Annual General Meeting: RWE discusses separation from the coal industry

Whoever buys an RWE share participates in an almost curious mixture. It is true that Germany’s largest electricity producer now generates almost half of its profits with wind and solar parks in half the world, and the trend is rising. But RWE is still one of the largest CO₂ emitters in Europe, with coal-fired power plants and opencast mines in the Rhineland, for which other villages are to make way.

But how long this contrasting structure should continue to exist was the question that dominated the RWE Annual General Meeting. Starring: a critical investor. A CEO trying to keep calm. And shareholders who are starting to get restless.

The critic’s name is Enkraft Capital, and he comes from near Munich. And although the company does not even own one percent of the shares, it puts RWE under pressure with sharp letters to the executive floor. At the shareholders’ meeting, Enkraft submitted a counter-motion that had it all: According to this, RWE should spin off the climate-damaging coal business as quickly as possible. This is the only way the company can unequivocally commit to renewable energies.

Many corporations have shown how such a separation works: For example, in 2020 Siemens shareholders received additional shares in the spin-off subsidiary Siemens Energy; Daimler shareholders recently received shares in the outsourced truck division. Shareholders can then decide whether they want to remain involved in both parts or not.

Enkraft argues that the coal business will soon be economically negligible for RWE. But because of him, the whole company is worth less on the stock exchange than it would be as a purely renewable generator. The coal distracts the board from focusing on wind and solar. “The ongoing inactivity of the board can no longer be justified and is unacceptable,” complains the investor.

According to the coalition agreement, the federal government wants to examine a foundation for the coal phase-out

CEO Markus Krebber replies that he is consistently aligning the group with the “green” energy world. He refers to bids for additional wind parks and the construction of new solar parks: “RWE is becoming greener, larger and more valuable.” So far, Krebber is sticking to the politically agreed plan to gradually shut down lignite-fired power plants by 2038 at the latest. Of course, RWE is “ready for discussions in due course about bringing forward the phase-out of coal to 2030”.

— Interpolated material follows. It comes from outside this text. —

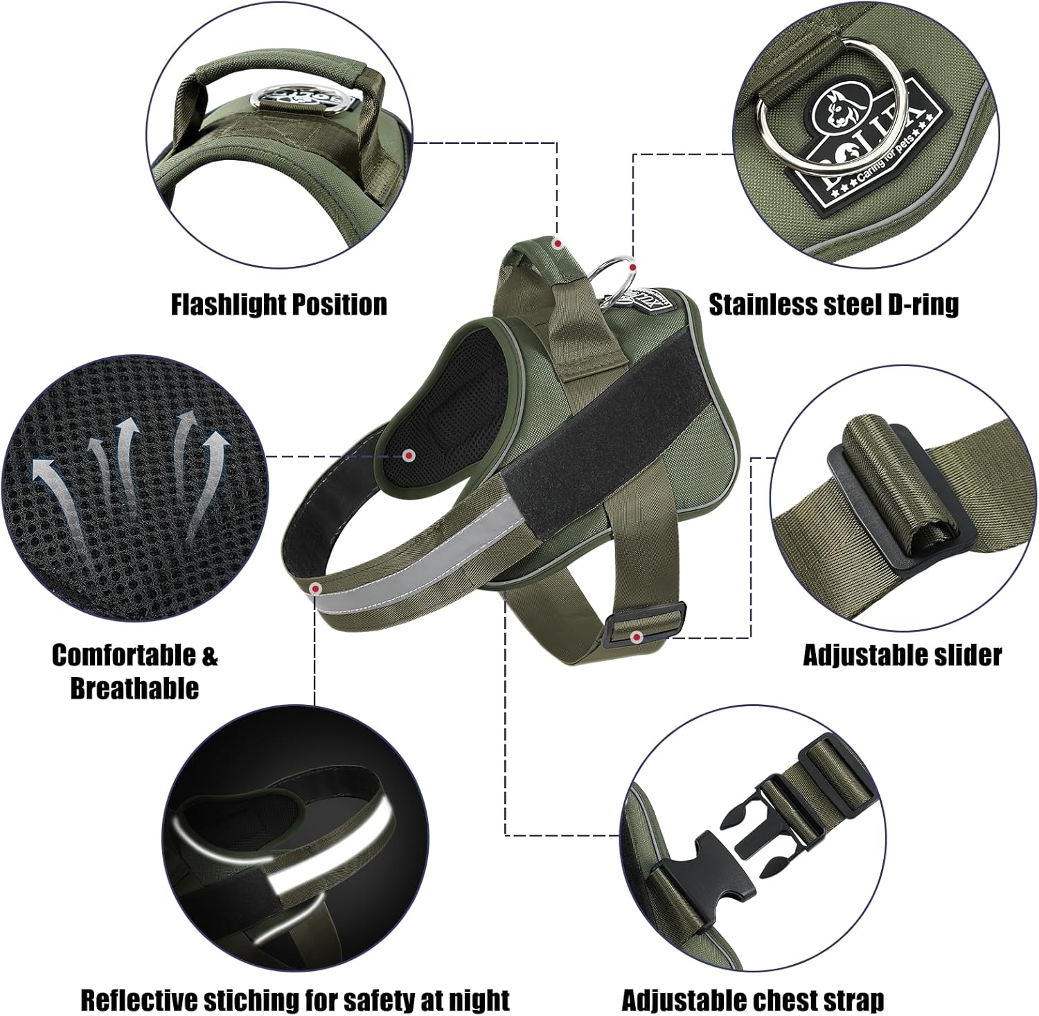 - OUTDOOR HEALTHY: Puppy no pull dog harness with reflective straps to ensure your dog is highly visible and keep dogs safe at night. You can connect the dog leash on the D-ring and with handle is easy to control on crowded streets. The high-end pet harness is perfect for daily walking, running, hiking, training, hunting, outdoor adventure and more!

However, Krebber argues that a spin-off of the coal division would not accelerate the change. “It would not save a single ton of CO₂.” Acting with a crowbar is not good corporate management. And if the general meeting now decides on a spin-off, this would close other options, he warns, “like the foundation model mentioned in the federal government’s coalition agreement.”

In fact, the paper by the SPD, Greens and FDP states that they want to consider creating a foundation or company “that organizes the dismantling of coal-fired power generation and renaturation”. The RAG-Foundation in the Ruhr area serves as a role model: since Germany abandoned coal mining in 2018, the foundation has used the income from its assets to pay for the so-called perpetual obligations, such as pumping water out of old mines.

Similarly, in the future a foundation could ensure that Germany gets out of lignite as quickly as possible, and that no lunar landscapes are left behind in previous open-cast mines. Of course, such a foundation would need the capital that companies like RWE have put aside for the so-called renaturation.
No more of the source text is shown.